START Supplied material
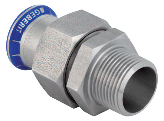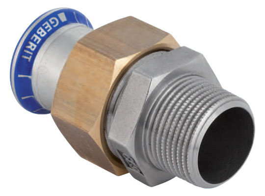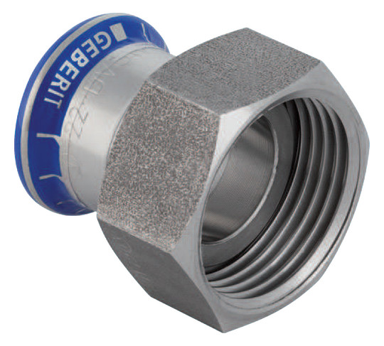 Geberit Übergangswinkel Mapress 15 mm x Rp 1/2, 90°, mit Einschubende und Innengewinde, Edelstahl
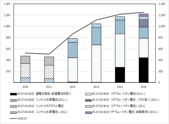 注 HTS85.07項の細目の分類は、2012年、2015年に改定があり、統計番号が不連続になっている。リチウム・イオン電池とニッケル水素電池は85.07.80に分類されていた。2012年のHS改定でそれぞれ8507.60.85.07.80に分かれている。また、ニッケル・カドミウム電池は電子機器の電源などに幅広く普及したものの、電極に有害物質のカドミウムを含むことから使用されなくなり、電極にカドミウムを含まない後発のニッケル水素電池に置き換えが進んだ。このような貿易の変化がHTS分類番号改定に反映されている 出所 米国輸入統計より作成
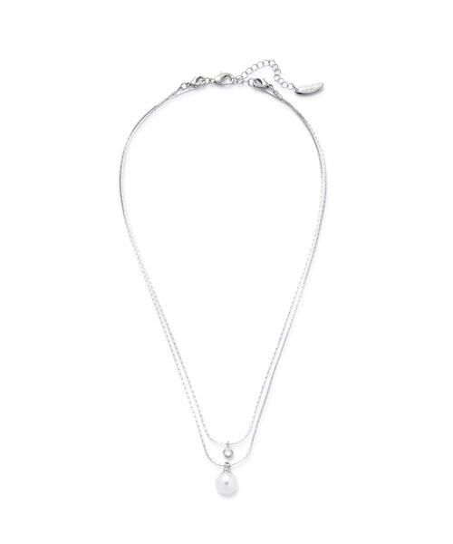 パール調パーツとストーンをあしらった2連チェーンの定番プチネックレス。主張しすぎないシンプルデザインで、オフィスシーンにもおすすめです。2連チェーンは取り外し可能で、それぞれ単品でも使えるアクセサリーです。※モデルの着用画像の場合、光の当たり具合により、実際の色味と異なって見えることがございます。色味は、商品単体の画像をご参照ください。
END Supplied material
### What this task involves
Please set down the data above exactly as given, leaving every picture out.

### Output
 Geberit Übergangswinkel Mapress 15 mm x Rp 1/2, 90°, mit Einschubende und Innengewinde, Edelstahl
 注 HTS85.07項の細目の分類は、2012年、2015年に改定があり、統計番号が不連続になっている。リチウム・イオン電池とニッケル水素電池は85.07.80に分類されていた。2012年のHS改定でそれぞれ8507.60.85.07.80に分かれている。また、ニッケル・カドミウム電池は電子機器の電源などに幅広く普及したものの、電極に有害物質のカドミウムを含むことから使用されなくなり、電極にカドミウムを含まない後発のニッケル水素電池に置き換えが進んだ。このような貿易の変化がHTS分類番号改定に反映されている 出所 米国輸入統計より作成
 パール調パーツとストーンをあしらった2連チェーンの定番プチネックレス。主張しすぎないシンプルデザインで、オフィスシーンにもおすすめです。2連チェーンは取り外し可能で、それぞれ単品でも使えるアクセサリーです。※モデルの着用画像の場合、光の当たり具合により、実際の色味と異なって見えることがございます。色味は、商品単体の画像をご参照ください。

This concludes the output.